Marcas: alrededor de 36 galletas

Pagnottella (pan de higo y chocolate)

Esta maravillosa especialidad de Porto Santo Stefano en Monte Argentario en la costa sur de la Toscana está a medio camino entre un pastel de frutas y algo denso y chocolateado, como los brownies. Es el tipo de cosas que no puedes encontrar en tiendas o restaurantes o incluso en libros de cocina: lo hacen en casa quienes mejor conocen la tradición: nonnas.

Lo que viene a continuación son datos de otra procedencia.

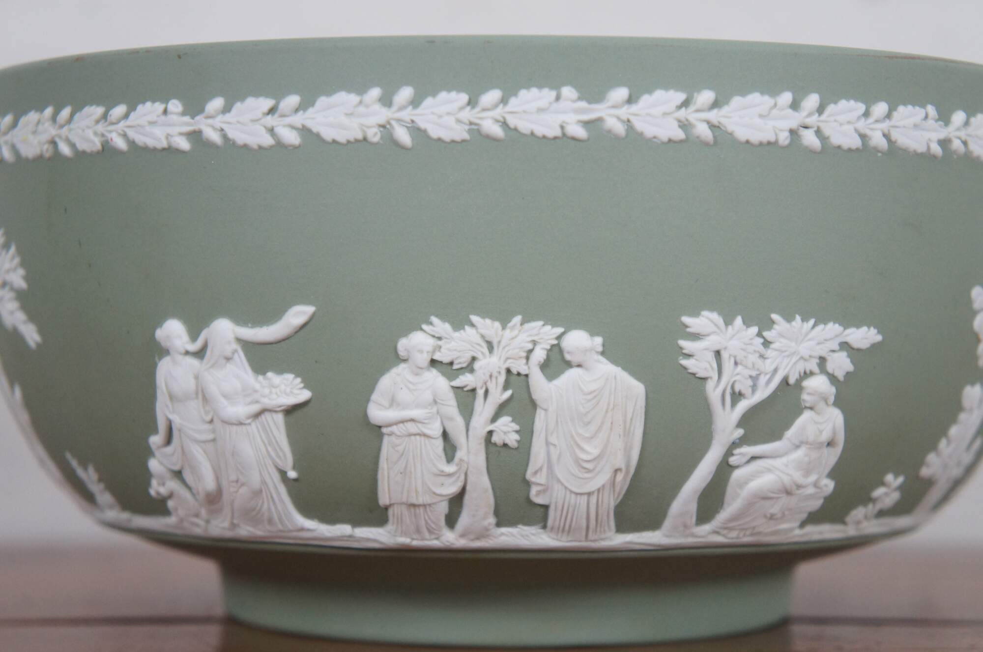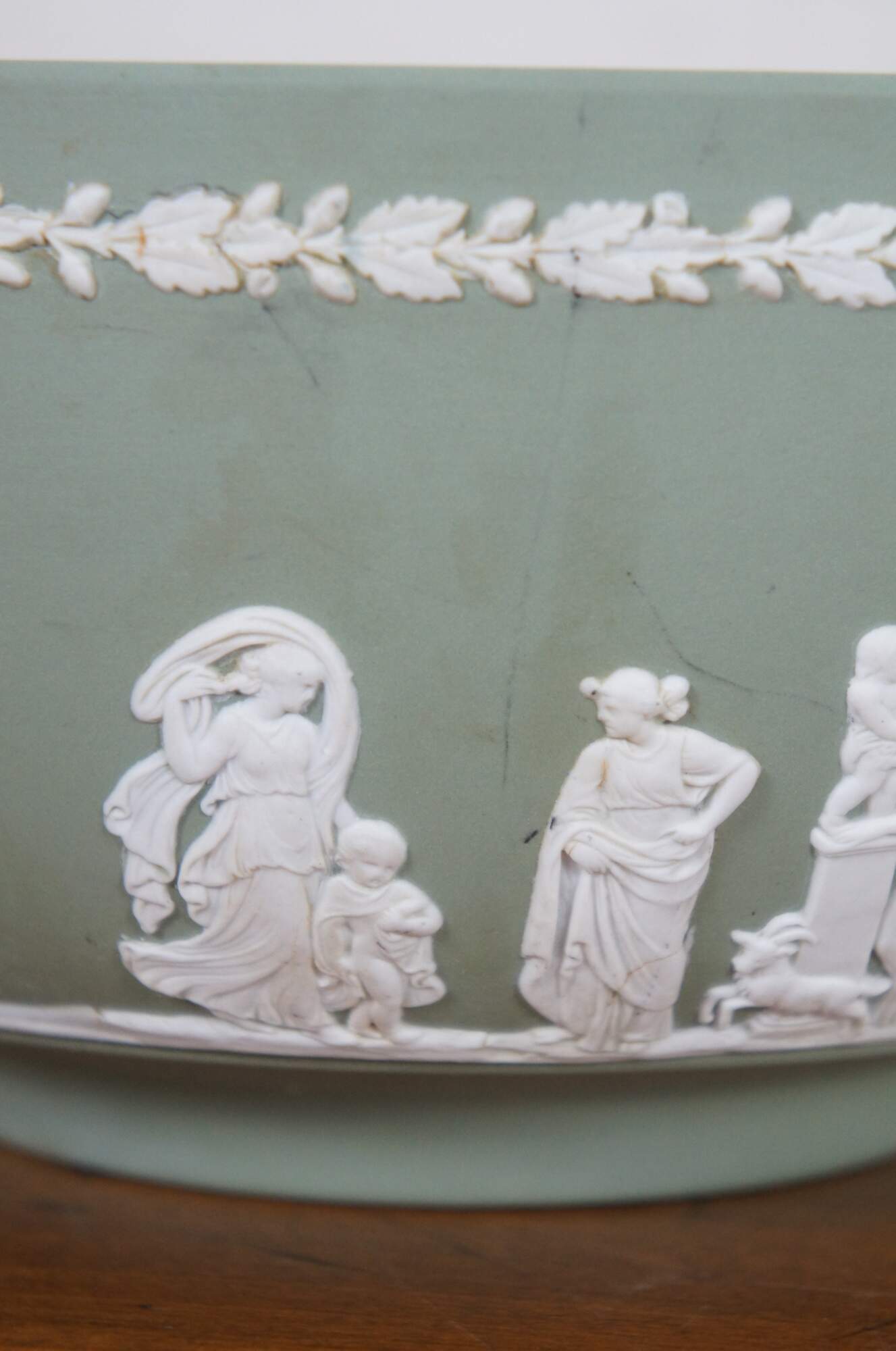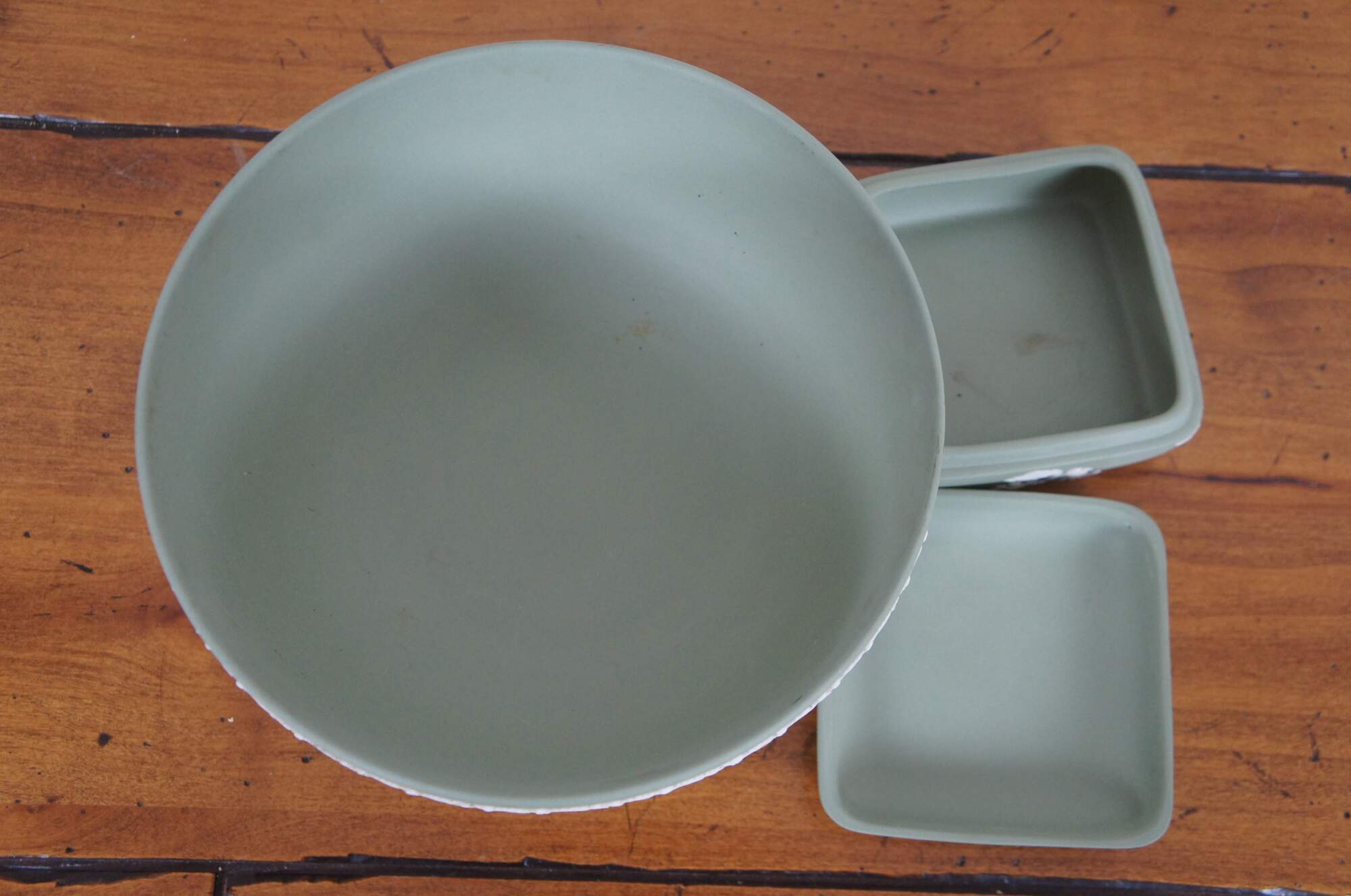 Vintage Wedgwood jasperware fruit bowl and square trinket box featuring neoclassical motifs in cream on matte celadon or sage green.

Les pregunté a algunos amigos de Porto Santo Stefano si tenían una buena receta de pagnottella que pudiera probar y todos volvieron a mí con recetas familiares escritas a mano por su madre o abuela, cada una de ellas ligeramente diferente. La nonna de Alessandra hace esto con un poco de manzana rallada para humedecer y mantiene el chocolate en cubos enormes del tamaño de una pulgada cuadrada, lo que da como resultado bolsas decadentes de chocolate derretido como lava fundida. Orestina hace una versión con masa de pan e insiste en utilizar mermelada de ciruela casera (muy típica de Argentario, apunta). La madre de Valeria, Filomena, cocina higos secos en vermú para su pagnottella, que por lo demás es muy similar a la nonna de Alessandra. Una cosa que la mayoría de las recetas tienen en común es que la cantidad de harina que se requiere es quanto basta, o tanta como se necesita. Esto significa suficiente para juntar la mezcla pegajosa en una masa suave.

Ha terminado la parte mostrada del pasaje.